Wednesday, July 02, 2008

The Court Jester (1955)

Jeri's pick for Movie Night last night was The Court Jester, starring all sorts of familiar faces. Danny Kaye, of course, was the main attraction, but I also spied Basil Rathbone, Angela Lansbury, and the mom from Mary Poppins (all young and attractive).

The movie is a Farce For All Seasons. It is chock-full of goofy concepts that are introduced throughout the movie (all the way to the end): first, a former circus performer must transform into an old man in order to smuggle a baby into a castle; then he must assume the identity of a court jester (who is, unbeknownst to him, also a master assassin hired to kill several nobles), and get the keys to secret passageway in the castle that will enable them to put the rightful king (the baby -- who has a purple pimpernel on his butt signifying his royal blood) on the throne; once in the castle, he must locate the other mole by whistling a particular tune, but he mistakes an evil noble for this mole and dismisses the good guy as a peasant; he meets the king who quizzes him on his supposed Italian background, so he has to BS his way out of it; then he is hypnotized by the princess's witch into becoming a dashing hero who will win the princess's heart (the sound of a snap brings him in and out of this condition, of course, so you can see where this leads); then his love interest is accidentally chosen to be the king's wench for the weekend; then he is discovered and made to fight this big brute guy, but before the match, his armor is struck by lighting, which magnetizes it; the witch also poisons one of the cups of wine that will be drunk before the match, and he must remember which is which; the guy he is fighting also discovers the poison, and must try to figure it out ("The poison is in the pestle, while the chalace of the palace holds the brew that is true!" ** "Now the pestle has the brew that is true, and the flagon with the dragon holds the poison!"); then he gets into a sword fight with Basil, and keeps snapping which switches him between himself and a master swordsman; meanwhile the secret passageway has collapsed, leaving a hole big enough for children (or the little people that he is friends with at the beginning!).

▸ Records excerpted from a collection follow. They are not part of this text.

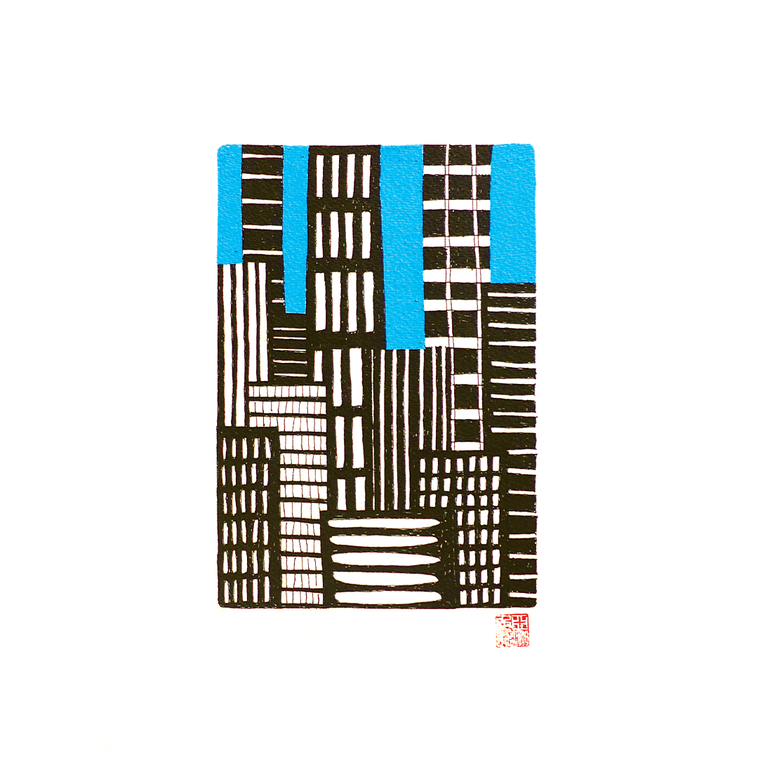 Francesco Lietti Modern City, Amethyst, 2020 Linocut and acrylic on paper 21 x 15 cm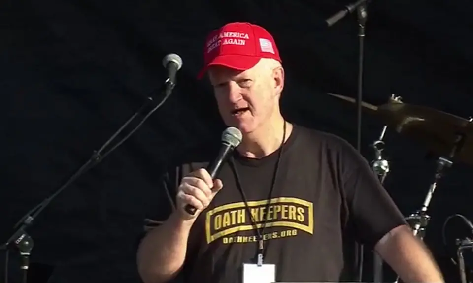 Cook wore an Oath Keepers T-shirt while speaking at the Dec. 12 rally. On the same stage later that day, Oath Keepers founder Stewart Rhodes threatened bloody civil war if Trump did not stay in power. Several Oath Keepers have been charged with conspiring to commit violence in connection with the Jan. 6 attack on the Capitol.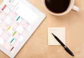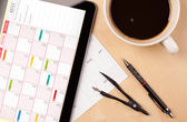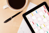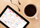 Tablet pc kalendarz wyświetlone na ekranie przy filiżance kawy na d
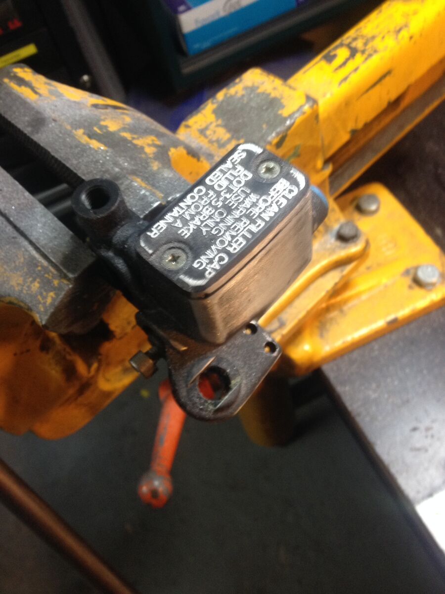 Ach ja Scheissarbeit... Die Brembo Bremspumpe gibt es auch nur in Mattschwarz und das wird nicht zum Konzept passen. Glattschleifen 80er, 150er, 240er Körnung und dann mit Scotch Vlies schleifen, zum Schluss polieren und hoffen, dass es nicht zu wellig geworden ist...

I'm probably leaving some of it out.

This was my first Danny Kaye movie, and it's easy to see his appeal. He's a very talented singer, dancer, and actor. He was perfect for this sort of comedy, and carries the show the whole way.

The only thing I didn't like about the movie was that his contact within the castle, the mole named Fergus, gets tortured and killed off-screen and gives up the secret of the baby king. In the whole rest of the movie he's this earnest, competent, hard-working guy who does his job thanklessly, and that's his reward? To get killed off-screen and be known as the guy who gave up their secrets under torture? We are notified of his torture and death by one line uttered by a villain, then he is never mentioned again. The movie ends on a happy note without another word of acknowledgement towards his role in the success of the plan. Bum deal, man. Reminds me of the cop in The Lookout.

2 comments:

Anonymous said...

You've seen The Lookout? It is your moral duty to report on this hard to find flick!

Ryan said...

I never reviewed The Lookout? Huh. Why is it hard to find? Netflix was very easy.